=== What the task requires ===
The pictures are to be left out, and all remaining data is to be transcribed exactly as it appears.

=== Materials provided ===

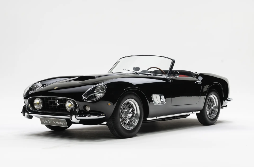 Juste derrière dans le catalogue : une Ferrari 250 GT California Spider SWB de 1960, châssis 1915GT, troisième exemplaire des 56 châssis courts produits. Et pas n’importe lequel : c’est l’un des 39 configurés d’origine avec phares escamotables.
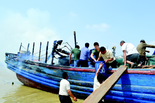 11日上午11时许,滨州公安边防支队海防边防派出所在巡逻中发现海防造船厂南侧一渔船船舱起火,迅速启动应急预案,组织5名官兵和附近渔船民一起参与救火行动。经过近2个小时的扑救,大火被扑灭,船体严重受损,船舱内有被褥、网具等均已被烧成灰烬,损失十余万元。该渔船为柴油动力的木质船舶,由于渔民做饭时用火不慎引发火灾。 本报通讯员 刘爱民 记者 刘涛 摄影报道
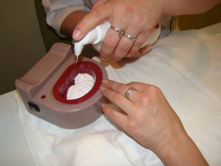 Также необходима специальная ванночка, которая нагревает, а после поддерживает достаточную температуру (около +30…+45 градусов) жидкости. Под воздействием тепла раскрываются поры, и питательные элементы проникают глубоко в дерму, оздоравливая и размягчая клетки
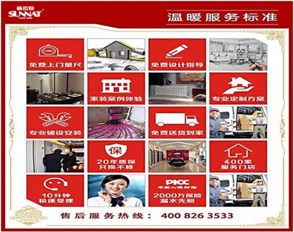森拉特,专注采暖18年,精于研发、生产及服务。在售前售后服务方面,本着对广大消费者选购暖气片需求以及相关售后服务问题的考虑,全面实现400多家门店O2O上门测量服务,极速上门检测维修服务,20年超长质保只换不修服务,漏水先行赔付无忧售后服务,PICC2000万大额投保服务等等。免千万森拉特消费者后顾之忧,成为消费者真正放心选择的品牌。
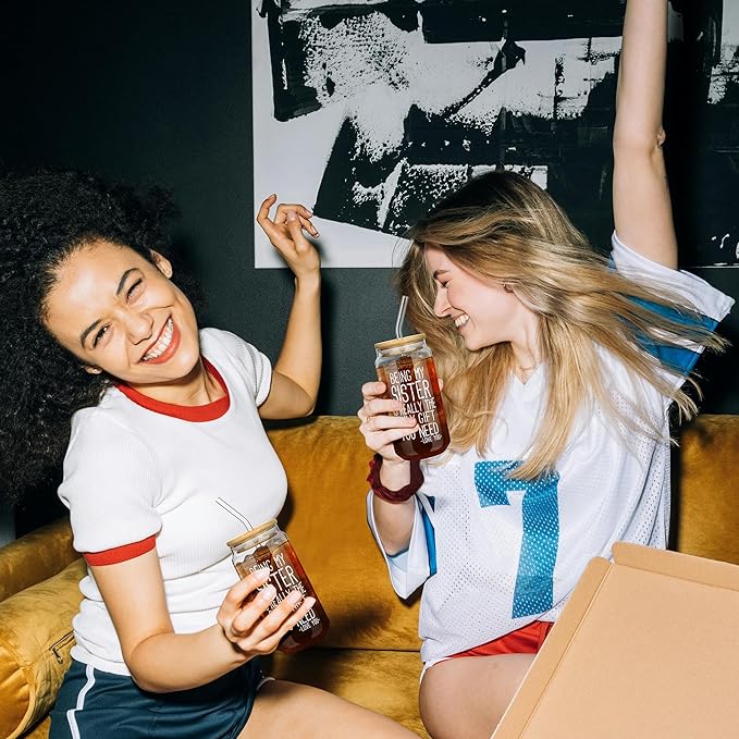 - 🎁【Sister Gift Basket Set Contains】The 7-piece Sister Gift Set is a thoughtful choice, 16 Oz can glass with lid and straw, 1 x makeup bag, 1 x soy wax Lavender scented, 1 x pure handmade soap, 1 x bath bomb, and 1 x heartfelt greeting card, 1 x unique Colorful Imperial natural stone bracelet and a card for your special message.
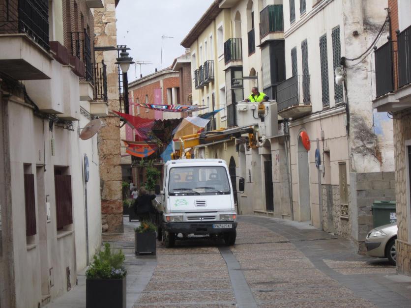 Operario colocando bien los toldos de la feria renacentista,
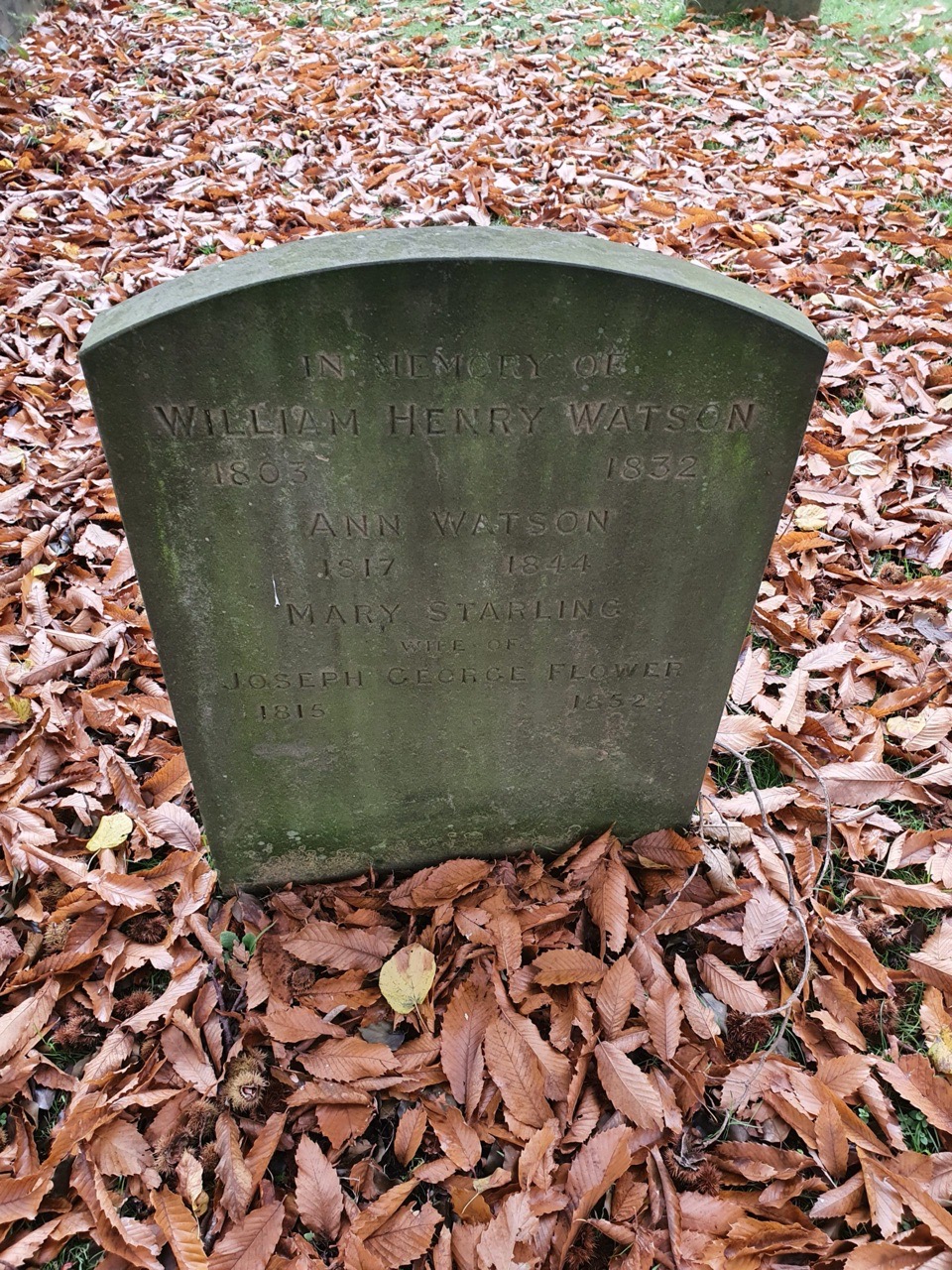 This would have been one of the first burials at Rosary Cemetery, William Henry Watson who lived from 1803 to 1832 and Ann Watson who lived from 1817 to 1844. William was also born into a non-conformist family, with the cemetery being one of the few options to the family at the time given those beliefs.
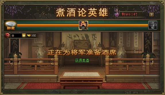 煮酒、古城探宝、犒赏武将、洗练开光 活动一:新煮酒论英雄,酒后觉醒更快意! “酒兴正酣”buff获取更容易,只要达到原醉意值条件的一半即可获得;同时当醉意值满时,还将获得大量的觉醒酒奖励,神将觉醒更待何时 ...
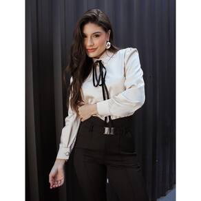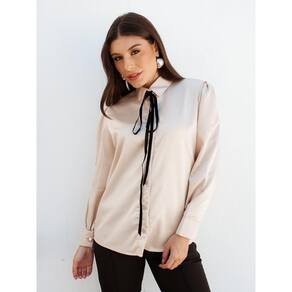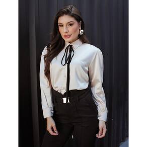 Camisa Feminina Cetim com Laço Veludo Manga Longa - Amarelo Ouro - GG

=== Solution below ===
 Juste derrière dans le catalogue : une Ferrari 250 GT California Spider SWB de 1960, châssis 1915GT, troisième exemplaire des 56 châssis courts produits. Et pas n’importe lequel : c’est l’un des 39 configurés d’origine avec phares escamotables.
 11日上午11时许,滨州公安边防支队海防边防派出所在巡逻中发现海防造船厂南侧一渔船船舱起火,迅速启动应急预案,组织5名官兵和附近渔船民一起参与救火行动。经过近2个小时的扑救,大火被扑灭,船体严重受损,船舱内有被褥、网具等均已被烧成灰烬,损失十余万元。该渔船为柴油动力的木质船舶,由于渔民做饭时用火不慎引发火灾。 本报通讯员 刘爱民 记者 刘涛 摄影报道
 Также необходима специальная ванночка, которая нагревает, а после поддерживает достаточную температуру (около +30…+45 градусов) жидкости. Под воздействием тепла раскрываются поры, и питательные элементы проникают глубоко в дерму, оздоравливая и размягчая клетки
森拉特,专注采暖18年,精于研发、生产及服务。在售前售后服务方面,本着对广大消费者选购暖气片需求以及相关售后服务问题的考虑,全面实现400多家门店O2O上门测量服务,极速上门检测维修服务,20年超长质保只换不修服务,漏水先行赔付无忧售后服务,PICC2000万大额投保服务等等。免千万森拉特消费者后顾之忧,成为消费者真正放心选择的品牌。
 - 🎁【Sister Gift Basket Set Contains】The 7-piece Sister Gift Set is a thoughtful choice, 16 Oz can glass with lid and straw, 1 x makeup bag, 1 x soy wax Lavender scented, 1 x pure handmade soap, 1 x bath bomb, and 1 x heartfelt greeting card, 1 x unique Colorful Imperial natural stone bracelet and a card for your special message.
 Operario colocando bien los toldos de la feria renacentista,
 This would have been one of the first burials at Rosary Cemetery, William Henry Watson who lived from 1803 to 1832 and Ann Watson who lived from 1817 to 1844. William was also born into a non-conformist family, with the cemetery being one of the few options to the family at the time given those beliefs.
 煮酒、古城探宝、犒赏武将、洗练开光 活动一:新煮酒论英雄,酒后觉醒更快意! “酒兴正酣”buff获取更容易,只要达到原醉意值条件的一半即可获得;同时当醉意值满时,还将获得大量的觉醒酒奖励,神将觉醒更待何时 ...
 Camisa Feminina Cetim com Laço Veludo Manga Longa - Amarelo Ouro - GG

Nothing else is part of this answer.